(BRIEF) Pictures are not part of the answer. Return the lines from the one containing "Cats underwater. Childish" through the end of the data, both included, exactly as they appear.

(Extracted data entries)

((

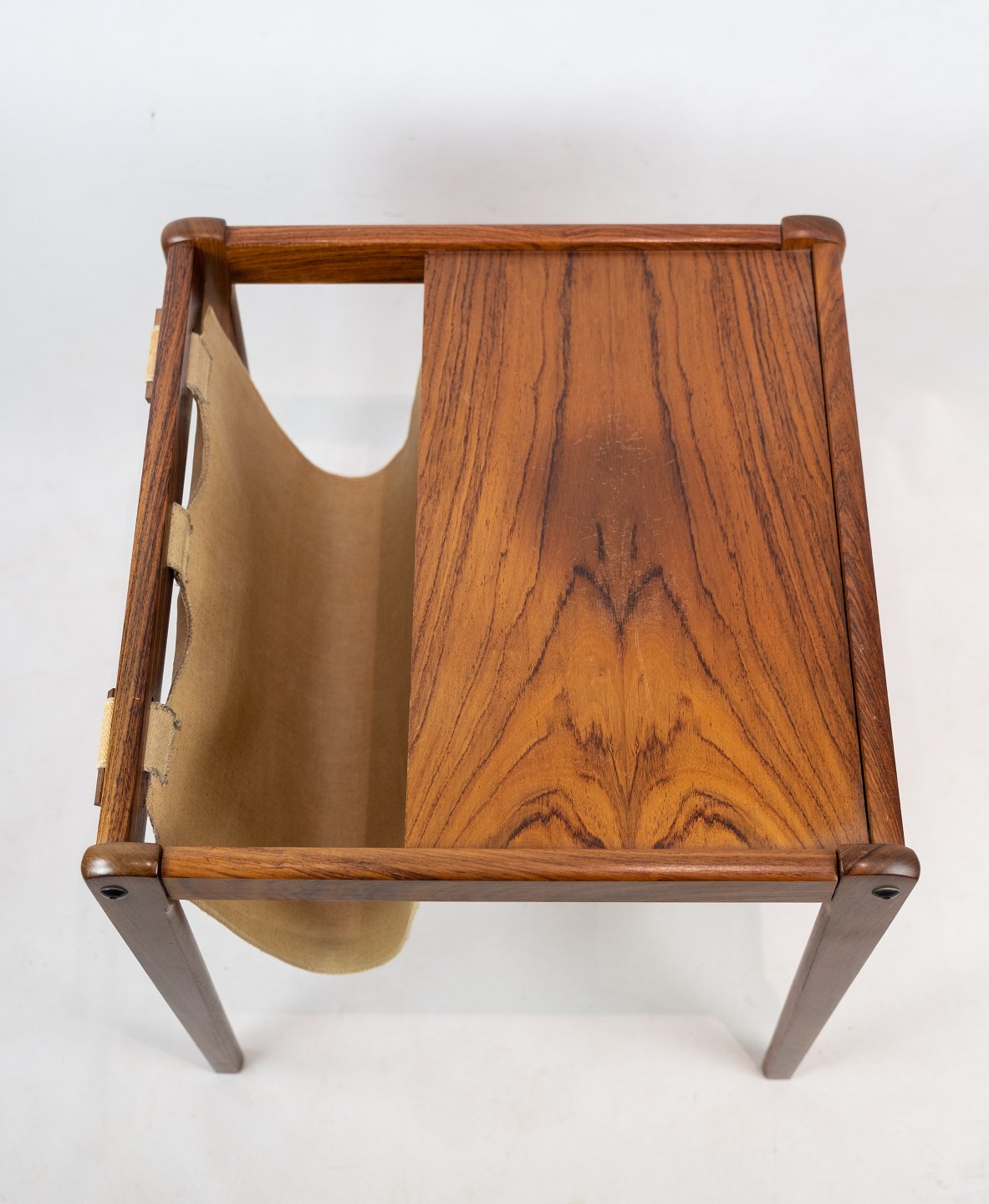 Small newspaper holder/lamp table i rosewood of Danish design from the 1960s. The table is in great vintage condition.
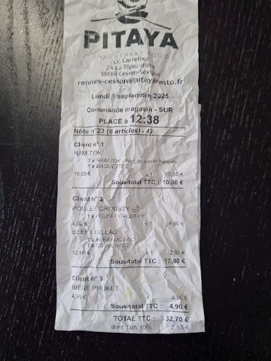 Read moreNous sommes venu hier soir 17/12 Il y avais du monde. Nous avons demander le temp d attente vu que notre famille prenait à emporter dans les alentours. La dame a la caisse nous a dit qu ici 10 min. Nous avons donc commander à pitaya .. Première déception lorsque nous avons êtes servit 42 min après la commande ... Cela est bien trop long. Mon copain a pris un boeuf thai, il a été très déçue les pâtes au riz manquait sérieusement de cuisson, il n avais pas beaucoup de bœuf, un supplément crevette que nous cherchons toujours. J ai pris un plat végétarien (que je prend souvent qui n avais pas dutout le même gout) supplément crevettes, tofou ( 2 crevettes....) Les quantités et qualités sont différentes qu auparavant.
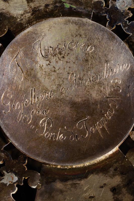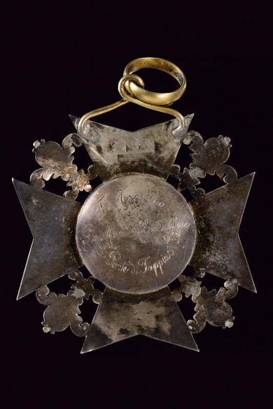 Grand cross plaque with fleur-de-lis and gilded centre, the ring with chip. The rear part was modified to be worn around the neck; the medallion in the centre marked ‘F. Criscino Gioielliere e Bisciuttiere S.da Ponte di Tappia N 30’.
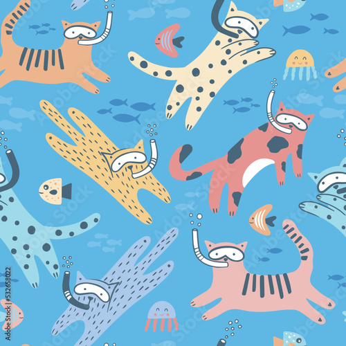 Cats underwater. Childish seamless pattern with pets and fish on a blue background. Can be used for wallpaper, textile, print.
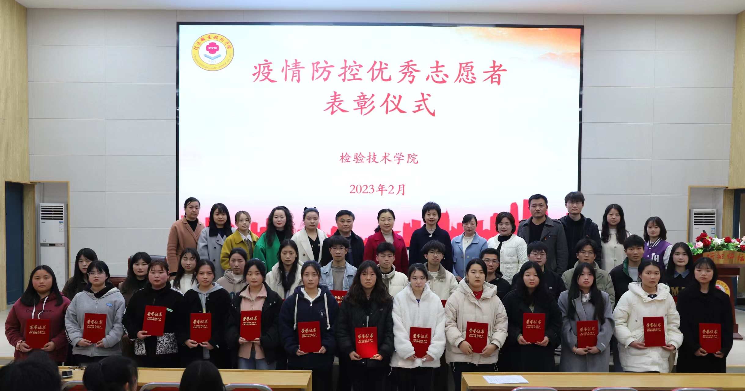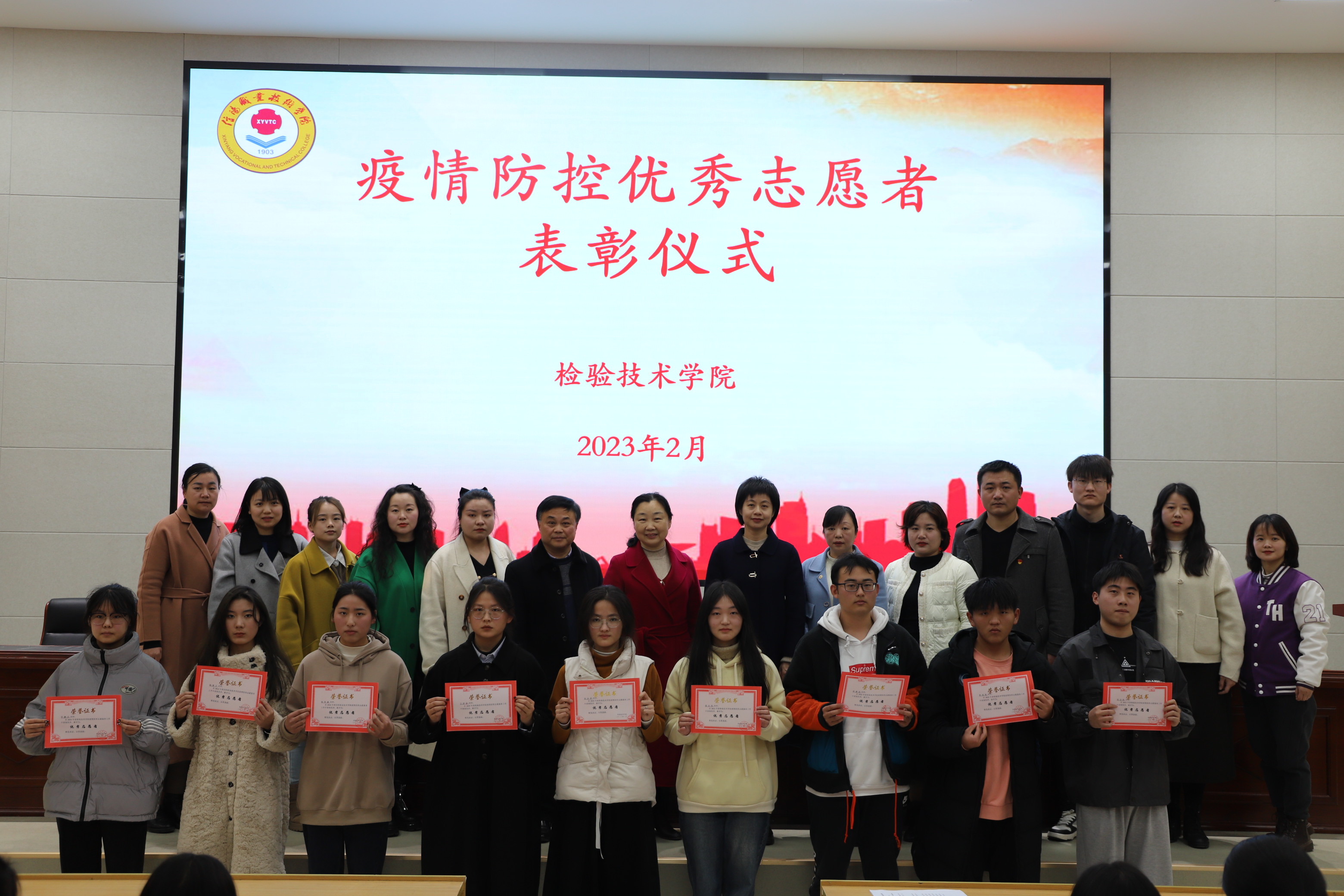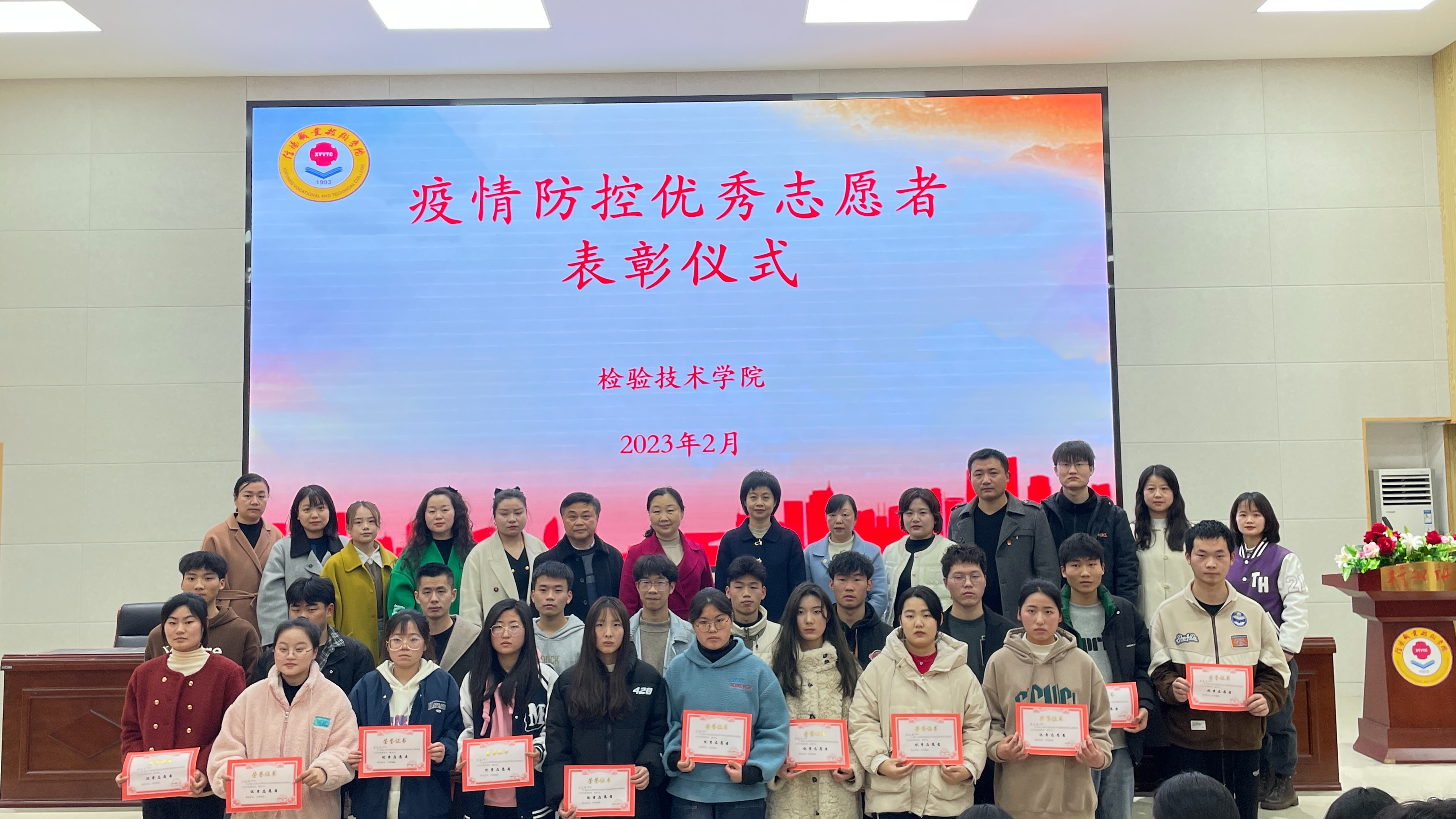 仪式在热烈的掌声中落下帷幕,领导和老师依次同疫情防控优秀志愿者们合影留念。
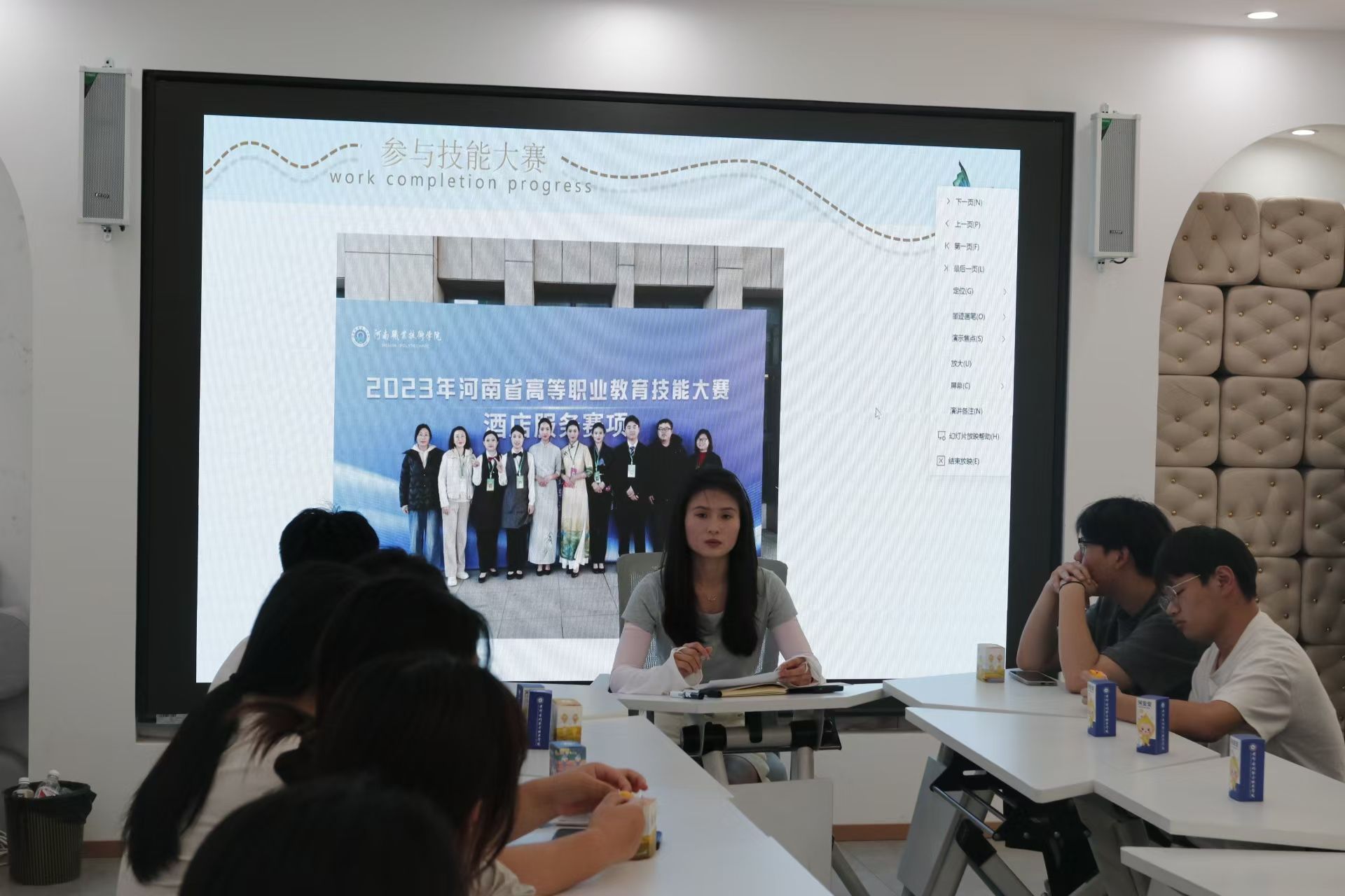 李金月从参加社会实践的经历、做好学生干部的经验和积极参与专业竞赛的感悟三方面向大一同学们讲述了她在生活学习中的所见所得、所思所想。她鼓励同学们把握学校提供的社会实践机会,在活动中锻炼自己、充实自己。她还分享了自己担任团支书的经历,希望同学们积极配合班干部,努力打造和谐共赢、团结向上、活力蓬勃的班团集体。最后,李金月展示了参赛视频,并向同学们介绍了民宿管理专业需具备的职业技能和职业素养,激励同学们认真学习专业知识和技能,全面丰富和发展自己,为梦想不懈奋斗。活动现场气氛轻松活跃,通过学姐的经验分享,民宿管理专业一年级的同学们对本专业有了进一步的认知,对自己未来的奋斗方向也有了更清晰的规划。
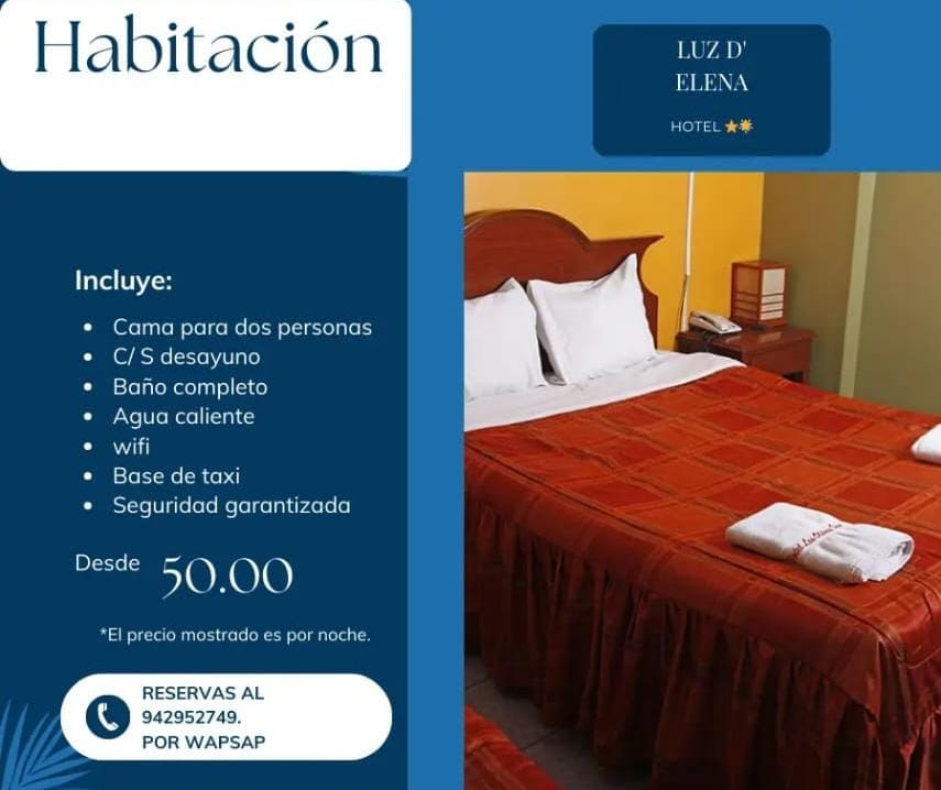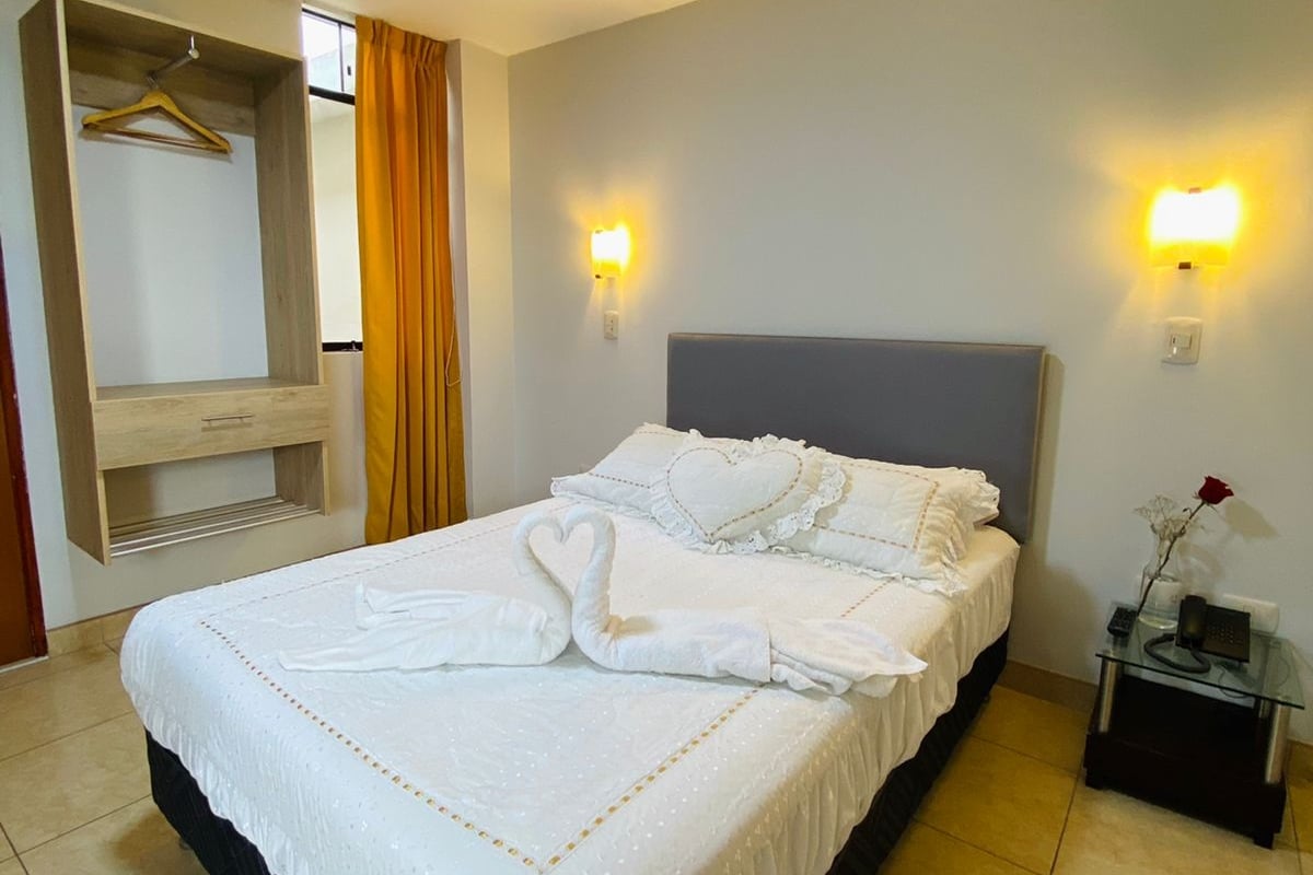 Habitación individual ubicada en Hotel tres estrellas en Trujillo. Cuenta con baño privado, agua caliente, wifi, tv cable, escritorio, closet, cortinas black out. Está incluido el servicio de desayuno americano en nuestra cafetería. Nuestro hotel cuenta con estacionamiento privado, ascensor, guardaequipaje y atención las 24 horas. Estamos ubicados a 2 cuadras de la Av. España. A solo 5 cuadras de la Plaza de armas de Trujillo.

))

(SOLUTION TO THIS PROBLEM)
 Cats underwater. Childish seamless pattern with pets and fish on a blue background. Can be used for wallpaper, textile, print.
 仪式在热烈的掌声中落下帷幕,领导和老师依次同疫情防控优秀志愿者们合影留念。
 李金月从参加社会实践的经历、做好学生干部的经验和积极参与专业竞赛的感悟三方面向大一同学们讲述了她在生活学习中的所见所得、所思所想。她鼓励同学们把握学校提供的社会实践机会,在活动中锻炼自己、充实自己。她还分享了自己担任团支书的经历,希望同学们积极配合班干部,努力打造和谐共赢、团结向上、活力蓬勃的班团集体。最后,李金月展示了参赛视频,并向同学们介绍了民宿管理专业需具备的职业技能和职业素养,激励同学们认真学习专业知识和技能,全面丰富和发展自己,为梦想不懈奋斗。活动现场气氛轻松活跃,通过学姐的经验分享,民宿管理专业一年级的同学们对本专业有了进一步的认知,对自己未来的奋斗方向也有了更清晰的规划。
 Habitación individual ubicada en Hotel tres estrellas en Trujillo. Cuenta con baño privado, agua caliente, wifi, tv cable, escritorio, closet, cortinas black out. Está incluido el servicio de desayuno americano en nuestra cafetería. Nuestro hotel cuenta con estacionamiento privado, ascensor, guardaequipaje y atención las 24 horas. Estamos ubicados a 2 cuadras de la Av. España. A solo 5 cuadras de la Plaza de armas de Trujillo.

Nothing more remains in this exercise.